_Exercise details:_
The listing below holds a line with "с роялем стоит" and a later line with "Unfortunately, there’s no". Write out those two lines and every line between them, exactly, and nothing else.

_Supplied records:_
━━━━━━━━━━━━━━━━━━━━
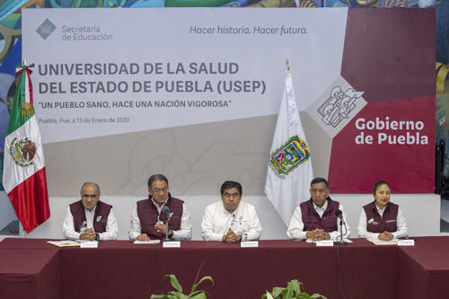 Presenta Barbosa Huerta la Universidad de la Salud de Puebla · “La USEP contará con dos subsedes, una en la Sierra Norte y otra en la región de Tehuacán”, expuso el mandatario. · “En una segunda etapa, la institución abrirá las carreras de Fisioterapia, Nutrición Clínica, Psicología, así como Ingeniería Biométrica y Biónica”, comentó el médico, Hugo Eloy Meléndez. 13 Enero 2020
━━━━━━━━━━━━━━━━━━━━
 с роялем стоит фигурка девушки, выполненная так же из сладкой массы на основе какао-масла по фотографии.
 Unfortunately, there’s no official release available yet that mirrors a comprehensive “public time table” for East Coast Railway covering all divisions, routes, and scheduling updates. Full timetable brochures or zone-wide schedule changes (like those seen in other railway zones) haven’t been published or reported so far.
━━━━━━━━━━━━━━━━━━━━
_Solution:_
 с роялем стоит фигурка девушки, выполненная так же из сладкой массы на основе какао-масла по фотографии.
 Unfortunately, there’s no official release available yet that mirrors a comprehensive “public time table” for East Coast Railway covering all divisions, routes, and scheduling updates. Full timetable brochures or zone-wide schedule changes (like those seen in other railway zones) haven’t been published or reported so far.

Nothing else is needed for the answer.